Le paysage montagnard est célébré pour son caractère intouché. C’est le symbole le plus fort de l’âge d’or de la ruralité qui disparait au fur et à mesure que progresse l’industrialisation. Les icônes que sont l’agriculture et le pastoralisme représentent une société vivant de façon autonome (Lazzarotti, 2002). Pour les Romantiques, il va sans dire que l’alpage, le berger et son troupeau sont des emblèmes de ce mode de vie autarcique qui tend à disparaitre.

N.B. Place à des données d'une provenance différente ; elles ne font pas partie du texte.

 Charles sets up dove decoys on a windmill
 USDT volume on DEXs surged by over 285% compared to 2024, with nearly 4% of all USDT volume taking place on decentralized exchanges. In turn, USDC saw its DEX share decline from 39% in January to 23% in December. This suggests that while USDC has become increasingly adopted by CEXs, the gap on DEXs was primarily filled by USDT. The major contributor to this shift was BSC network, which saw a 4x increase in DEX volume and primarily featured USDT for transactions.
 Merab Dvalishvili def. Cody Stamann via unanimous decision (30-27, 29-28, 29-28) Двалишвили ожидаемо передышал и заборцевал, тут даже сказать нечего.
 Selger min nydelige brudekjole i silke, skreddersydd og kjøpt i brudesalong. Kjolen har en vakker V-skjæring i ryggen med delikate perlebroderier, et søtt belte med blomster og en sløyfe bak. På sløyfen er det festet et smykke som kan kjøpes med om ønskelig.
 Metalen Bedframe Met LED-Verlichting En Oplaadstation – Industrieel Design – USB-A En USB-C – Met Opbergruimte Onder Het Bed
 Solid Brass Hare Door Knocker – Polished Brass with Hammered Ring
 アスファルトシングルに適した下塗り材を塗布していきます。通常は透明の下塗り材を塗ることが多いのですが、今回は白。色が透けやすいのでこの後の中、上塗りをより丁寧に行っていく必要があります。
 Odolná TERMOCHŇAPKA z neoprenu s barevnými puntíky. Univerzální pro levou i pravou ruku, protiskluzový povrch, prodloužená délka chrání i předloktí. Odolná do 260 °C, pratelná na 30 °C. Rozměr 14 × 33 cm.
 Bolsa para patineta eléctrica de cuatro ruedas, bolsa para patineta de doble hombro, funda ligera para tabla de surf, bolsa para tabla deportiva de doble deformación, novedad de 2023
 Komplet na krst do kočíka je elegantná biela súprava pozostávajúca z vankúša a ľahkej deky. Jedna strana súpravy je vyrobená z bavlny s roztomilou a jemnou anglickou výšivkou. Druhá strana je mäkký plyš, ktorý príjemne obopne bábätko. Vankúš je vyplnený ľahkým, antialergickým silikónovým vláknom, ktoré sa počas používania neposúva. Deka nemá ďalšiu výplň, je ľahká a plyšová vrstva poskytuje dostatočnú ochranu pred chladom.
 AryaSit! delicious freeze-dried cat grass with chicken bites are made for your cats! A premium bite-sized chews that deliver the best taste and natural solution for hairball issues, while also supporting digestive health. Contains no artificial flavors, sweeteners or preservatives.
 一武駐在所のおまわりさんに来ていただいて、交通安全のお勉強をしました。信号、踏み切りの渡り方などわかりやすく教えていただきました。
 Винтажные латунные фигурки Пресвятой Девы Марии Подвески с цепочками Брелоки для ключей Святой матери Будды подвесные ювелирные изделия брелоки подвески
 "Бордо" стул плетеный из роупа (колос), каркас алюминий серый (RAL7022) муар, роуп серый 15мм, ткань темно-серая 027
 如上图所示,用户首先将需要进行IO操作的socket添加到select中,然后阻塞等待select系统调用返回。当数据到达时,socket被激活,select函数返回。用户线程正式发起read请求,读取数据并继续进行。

Au-delà de sa capacité à évoquer un temps révolu, le tourisme alpin est apprécié puisqu’il permet de pénétrer des lieux que l’on estime divins. Le touriste a la chance de se confronter à des étendues imposantes et effrayantes comme la Mer de Glace à Chamonix. On recherche l’enchantement que créent ces sites grandioses. Des légendes faisant appel au surnaturel sont racontées pour expliquer la formation de ces mystérieux espaces (Joutard, 1986). Les touristes sont confrontés à une temporalité nouvelle, ils constatent la relativité de leur époque devant l’immensité du temps universel. Au rythme effréné de la ville où les événements se succèdent rapidement, on trouve un temps plus près de l’infini à la montagne; un temps long (Rauch, 1995 : 95). La transhumance qui marque les changements de saison depuis des siècles semble être intemporelle.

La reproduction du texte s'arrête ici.